August 03rd, 2007 | Category: Pop Culture, Treasury

Summer brings a lot of things, not the least of which is free time. Well, despite that little thing called work. But now that we’re not investing weekly time writing papers, constructing projects, and reading literature for academic purposes, much more can be done with the time when we aren’t working.

What I mean to ask is, “What have people been spending their free time on (as far as entertainment)?” For example, if anyone has seen any movies that they really enjoyed, or bought a CD that they just can’t stop listening to, or picked up a book that they just can’t put down? Feel free to share, because i know we all love to talk about that stuff.
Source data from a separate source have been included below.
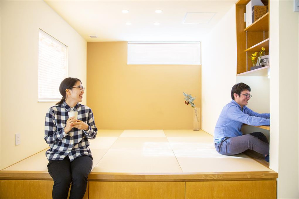 リビング横の小上がりは、ごろ寝ができるスペースがほしいというご主人と、パソコン作業を落ち着いてできるスペースが欲しいという奥さまの希望が同時に叶った、ご夫婦ともにお気に入りの空間です。畳の下はスライド式の大収納になっており、収納の心配もありません。
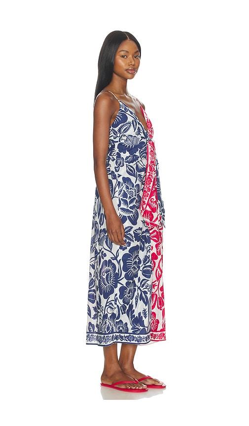 FARM RIO CASHEW AND BIRDS LONG DRESS IN BLUE,RED.
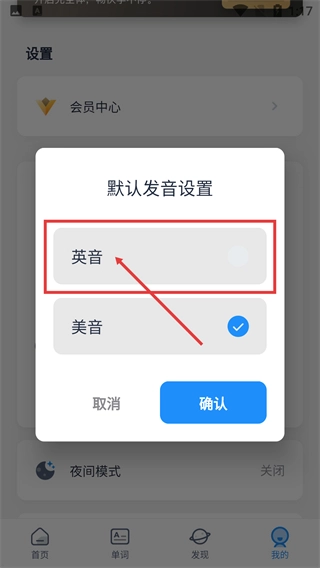 在【默认发音设置】弹窗里选定【英音】选项,再点击【确认】按钮,就能把默认发音切换成英音了。
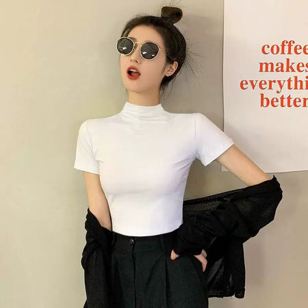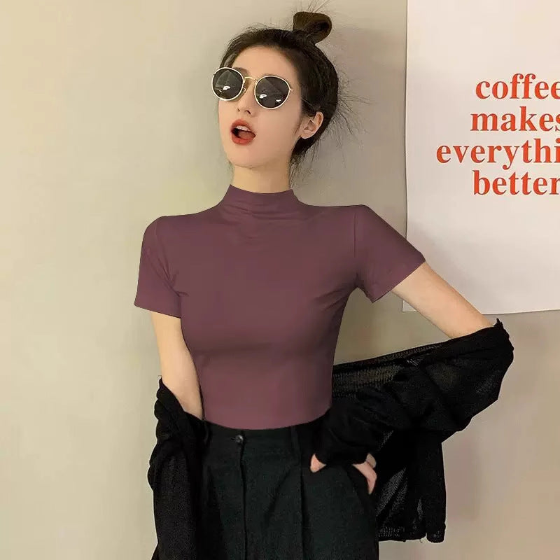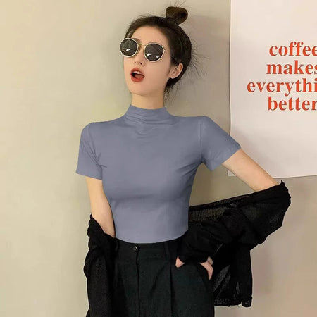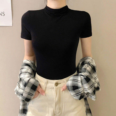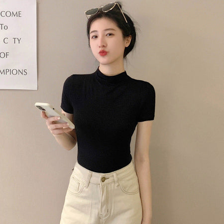 Elevate your summer wardrobe with our Modal Black Half High Neck T-Shirt! 🌞
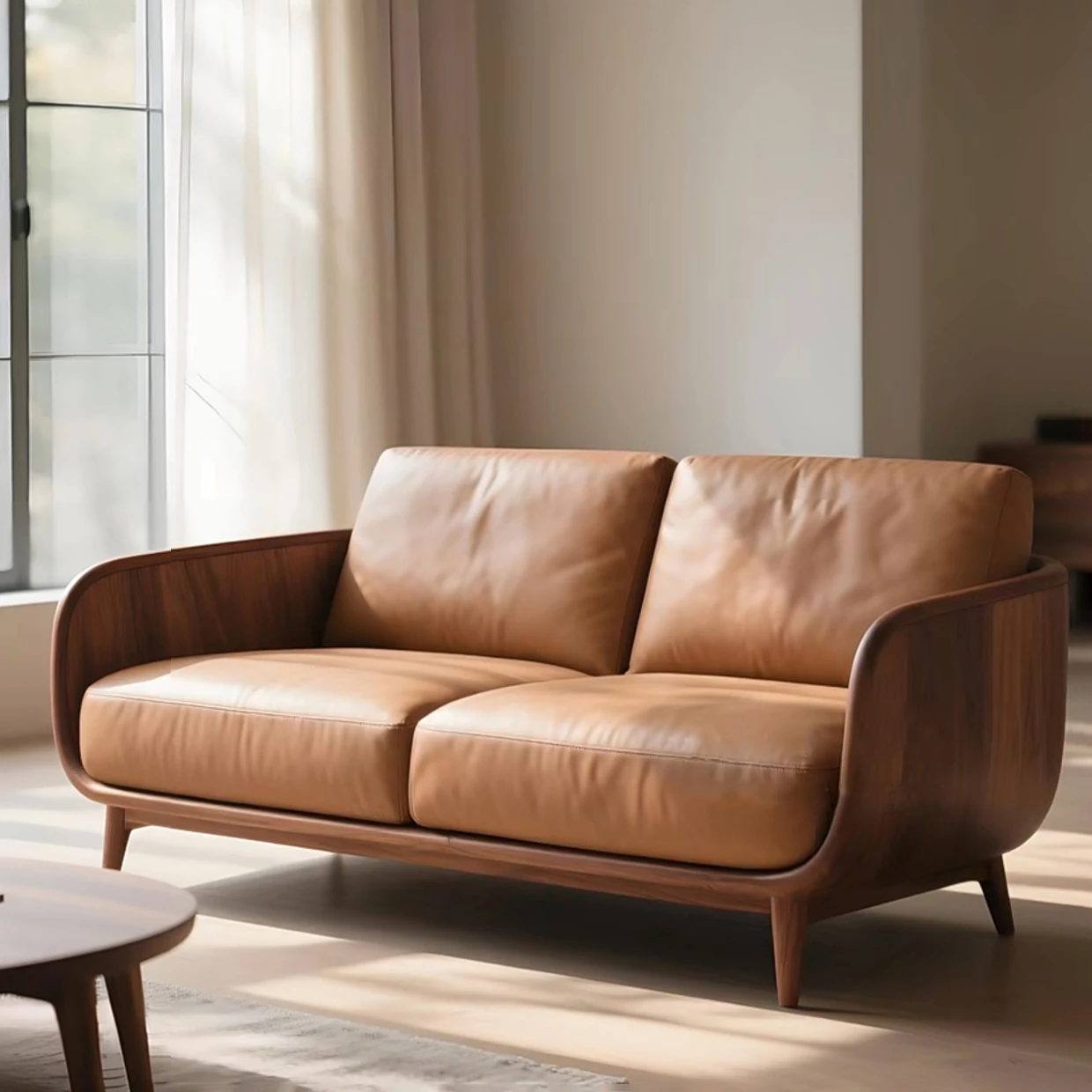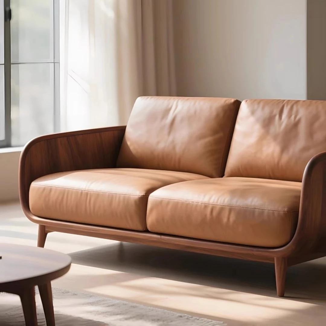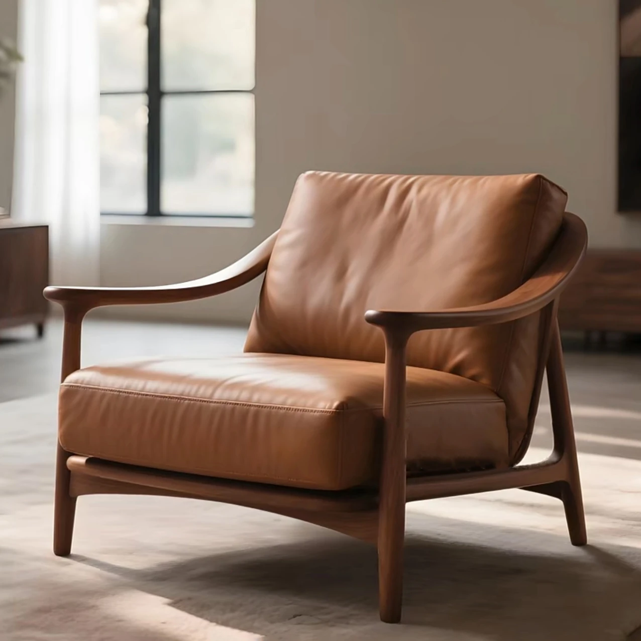 2025 New Style Solid Wood Leather Sofa - Single Seat High-End New Chinese Design Living Room Sofa in North American Black Walnut
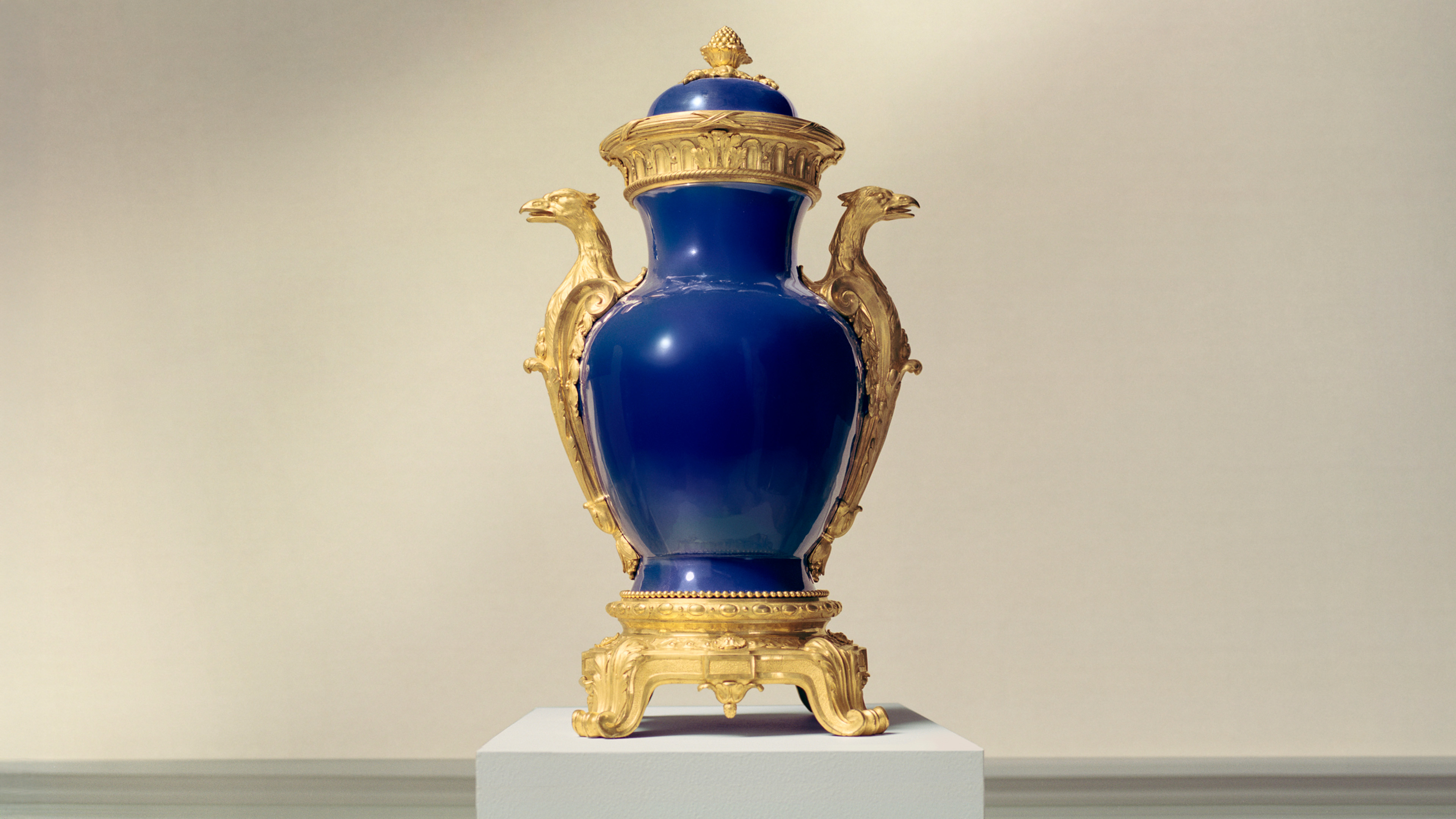 By around 1765, it was in France, where it was mounted with an elaborate gilt-bronze finial, collar, base and eagle-shaped handles. At nearly a metre high, it is one of the largest pieces of ormolu-mounted Chinese porcelain in existence.
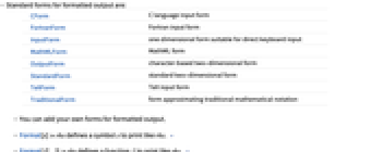 CForm C language input form FortranForm Fortran input form InputForm one‐dimensional form suitable for direct keyboard input MathMLForm MathML form OutputForm character‐based two-dimensional form StandardForm standard two-dimensional form TeXForm TeX input form TraditionalForm form approximating traditional mathematical notation - You can add your own forms for formatted output.
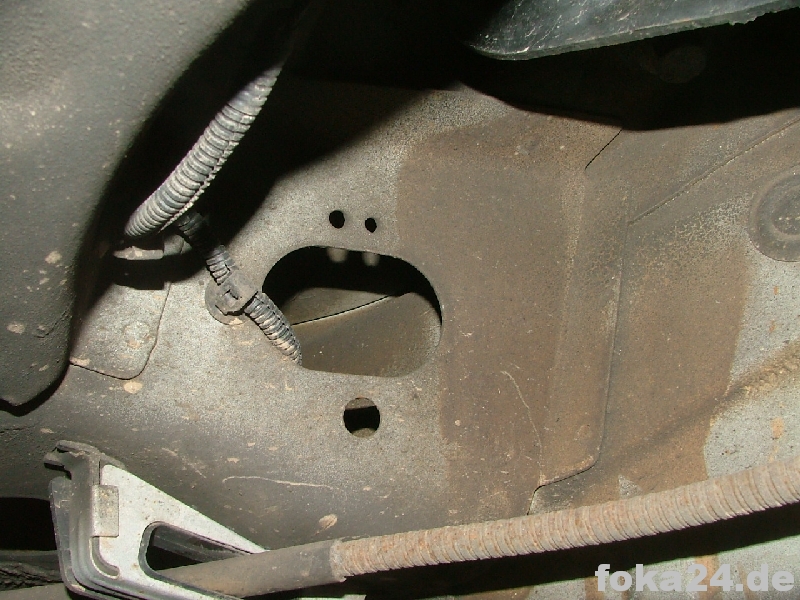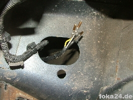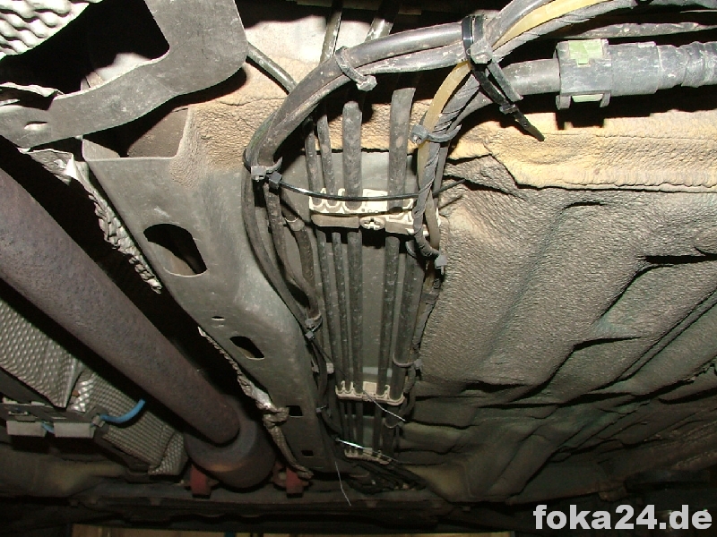 Der Kabelbaum ist an der Achse an nicht beweglichen Teilen zu befestigen und zur rechten Fzg.seite zu führen. Die Demontage des rechten Hinterrades ist hier hilfreich, aber nicht Pflicht. Der Kabelbaum läuft dann an der rechten Fzg.seite entlang der Bremsleitungen ein Stück Richtung Fzg.front bis zu einem ovalen Loch. Bei Fl befinden sich über diesem 2 kleine Löcher - dort wird der dreieckige Verbindungsstecker C54 zum Innenkabelsatz befestigt. Bei vFl sind diese Löcher nicht vorhanden, ich habe auch darauf verzichtet diese extra zu bohren.
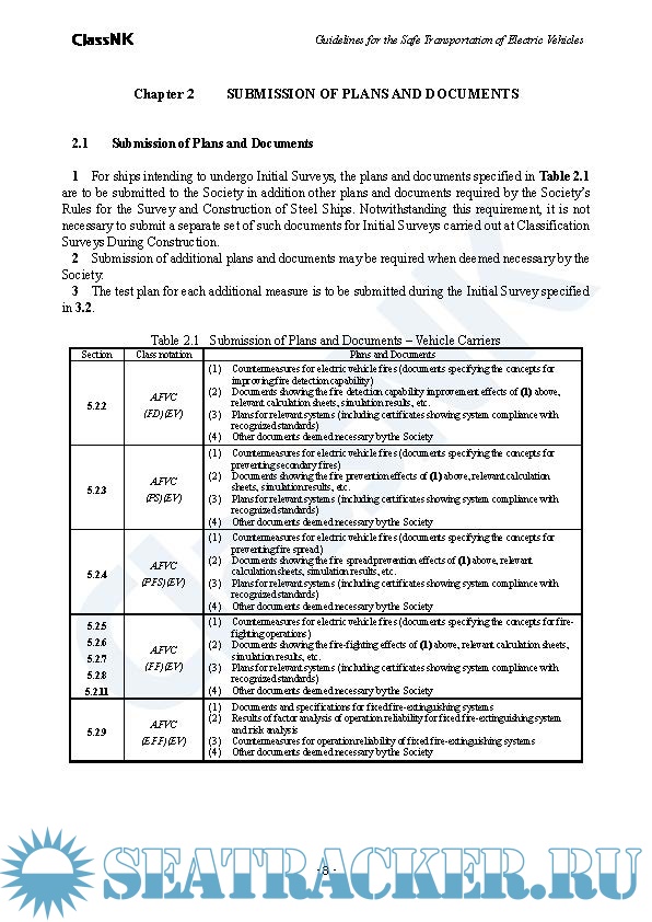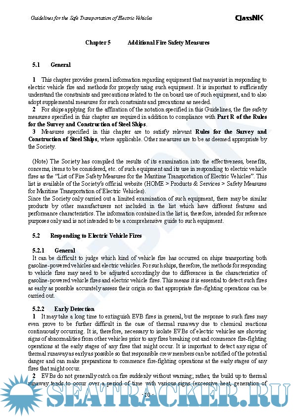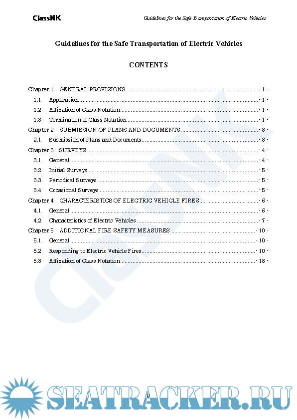Year: 2023 Language: english Author: ClassNK Genre: Normative document Format: PDF Quality: eBook Pages count: 31 Description: This Guidelines provides vehicle carrier owners and management companies with useful information and a framework regarding voluntary and advanced fire safety measures for the maritime transportation of electric vehicles. The explanation for characteristics of electric vehicle fires is specified in Chapter 5, with aim of sharing necessary knowledge for establishing fire measures. Furthermore, the explanation of the guidelines for such fires including example measures are specified in Chapter 6 based on the characteristics of electric vehicle fires specified in Chapter 5.
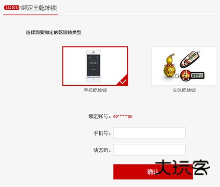 注:目前此方式只用于开启帐号的主乾坤锁。
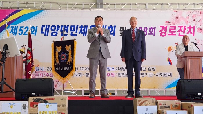 강성진 청년회장의 개회선언으로 본 행사가 시작됐으며, 나석규 대양면 노인분회장이 노인복리증진 및 체육문화발전에 대한 공로로 표창패를 받았다. 또 심경섭 전 대양면 노인분회장과 김재경 전 대양면 노인회 사무국장이 그간의 노고에 대한 감사한 마음을 담은 공로패를 받았다.
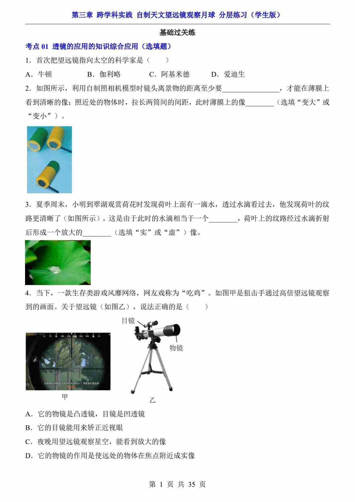 3.6 跨学科实践 自制天文望远镜观察月球(分层练习)
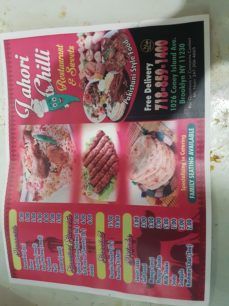 Located in Brooklyn, NY, Lahori Chilli Restaurant & Sweets offers a diverse menu of Halal dishes with a focus on Pakistani cuisine. From flavorful rice dishes like Lamb Chomps over Rice to vegetarian options like Aloo Gobi and Chickpeas, there is something for everyone. The restaurant also boasts unique offerings such as Butter Cheese (Paneer Makhni) and Chicken Korma. With a casual and intimate atmosphere, Lahori Chilli is perfect for a cozy dinner or a group gathering. The restaurant provides a range of amenities including delivery, takeout, and catering services, making it convenient for all occasions. Whether you're looking for a quick lunch or a leisurely dinner, Lahori Chilli's delectable dishes and warm ambiance will surely satisfy your cravings.
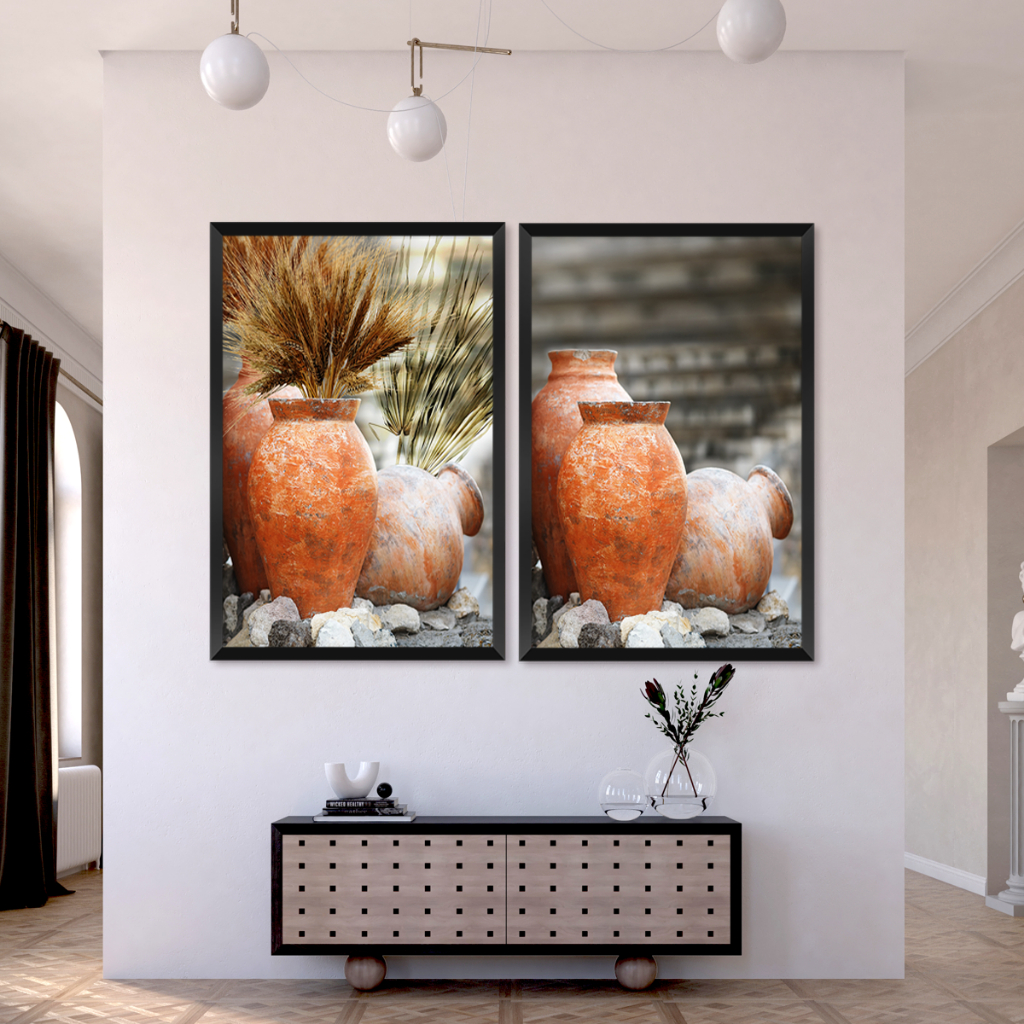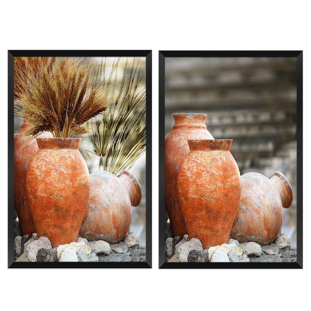 Quadro Duplo Abstrato Vaso de Barro 002 60x90cm

And we’re always looking for new things to entertain ourselves.

Like me, I’ve been really taken in by Steven Erikson’s Malazan Book of the Fallen series. A friend turned me on to these books about a year ago and I’ve got to say I have not read anything quite like them. They are the literary eqiuvalent to getting thrown in with a group of people you’ve never met. But, after a few tens of pages, you start to think, “Wow, I really like these guys.” The characters are each well-drawn, the story arc is nothing short of epic, giving your imagination plenty to chew on, and Erikson has a dark and hilarious humor that he includes in every character.

Also, in case you’re worried about it being a fantasy series, trust me, this is a very non-cliche, non-cheesified series.

And I’m counting down the days until Eisley’s second record hits the stores. (Just to give people something maybe more can relate to).

But I’d love to hear what everyone else has been occupied with.